TASK DETAILS →
Where a picture appears, skip it and copy everything else in the listing exactly.

--- INFORMATION SUPPLIED Enclosed Below ---

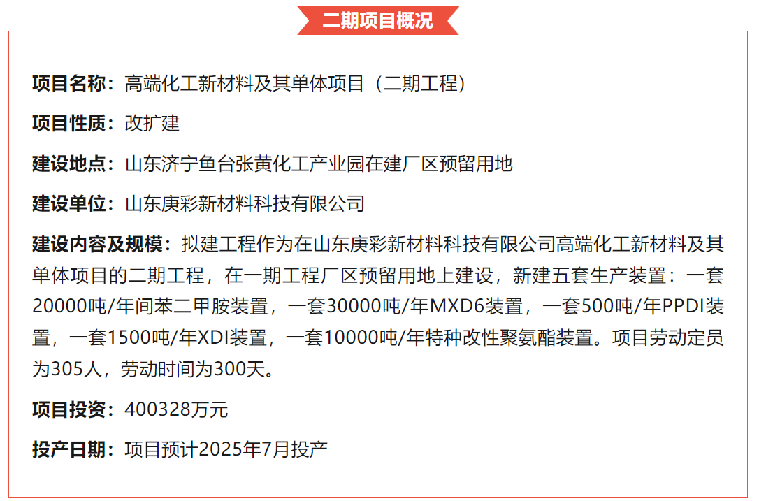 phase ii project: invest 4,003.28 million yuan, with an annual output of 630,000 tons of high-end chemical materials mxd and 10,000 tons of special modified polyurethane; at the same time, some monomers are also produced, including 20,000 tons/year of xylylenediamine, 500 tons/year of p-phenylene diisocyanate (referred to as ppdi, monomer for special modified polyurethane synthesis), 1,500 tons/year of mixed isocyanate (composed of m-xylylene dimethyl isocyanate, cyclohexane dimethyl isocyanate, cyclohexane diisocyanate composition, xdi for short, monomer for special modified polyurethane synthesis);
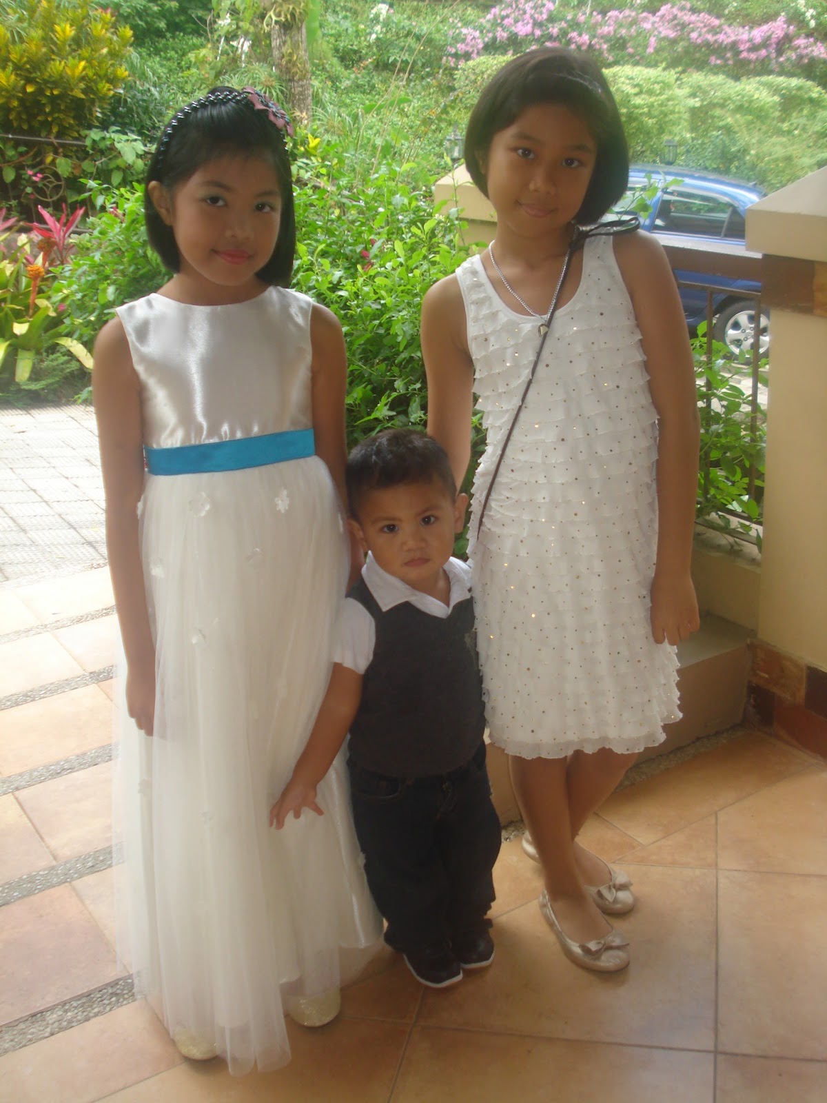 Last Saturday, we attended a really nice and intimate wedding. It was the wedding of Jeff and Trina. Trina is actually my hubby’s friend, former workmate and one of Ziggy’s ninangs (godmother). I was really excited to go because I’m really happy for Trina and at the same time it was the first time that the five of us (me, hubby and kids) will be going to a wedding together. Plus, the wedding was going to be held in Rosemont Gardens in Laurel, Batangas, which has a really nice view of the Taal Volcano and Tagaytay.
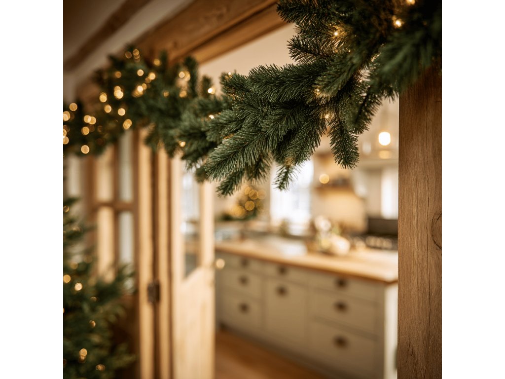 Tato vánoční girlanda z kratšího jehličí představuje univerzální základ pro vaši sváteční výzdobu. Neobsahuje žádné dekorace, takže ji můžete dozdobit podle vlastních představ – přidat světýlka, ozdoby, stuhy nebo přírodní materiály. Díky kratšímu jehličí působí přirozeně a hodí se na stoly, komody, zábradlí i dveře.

--- End of Enclosed INFORMATION SUPPLIED ---

ANSWER TO THIS PROBLEM →
 phase ii project: invest 4,003.28 million yuan, with an annual output of 630,000 tons of high-end chemical materials mxd and 10,000 tons of special modified polyurethane; at the same time, some monomers are also produced, including 20,000 tons/year of xylylenediamine, 500 tons/year of p-phenylene diisocyanate (referred to as ppdi, monomer for special modified polyurethane synthesis), 1,500 tons/year of mixed isocyanate (composed of m-xylylene dimethyl isocyanate, cyclohexane dimethyl isocyanate, cyclohexane diisocyanate composition, xdi for short, monomer for special modified polyurethane synthesis);
 Last Saturday, we attended a really nice and intimate wedding. It was the wedding of Jeff and Trina. Trina is actually my hubby’s friend, former workmate and one of Ziggy’s ninangs (godmother). I was really excited to go because I’m really happy for Trina and at the same time it was the first time that the five of us (me, hubby and kids) will be going to a wedding together. Plus, the wedding was going to be held in Rosemont Gardens in Laurel, Batangas, which has a really nice view of the Taal Volcano and Tagaytay.
 Tato vánoční girlanda z kratšího jehličí představuje univerzální základ pro vaši sváteční výzdobu. Neobsahuje žádné dekorace, takže ji můžete dozdobit podle vlastních představ – přidat světýlka, ozdoby, stuhy nebo přírodní materiály. Díky kratšímu jehličí působí přirozeně a hodí se na stoly, komody, zábradlí i dveře.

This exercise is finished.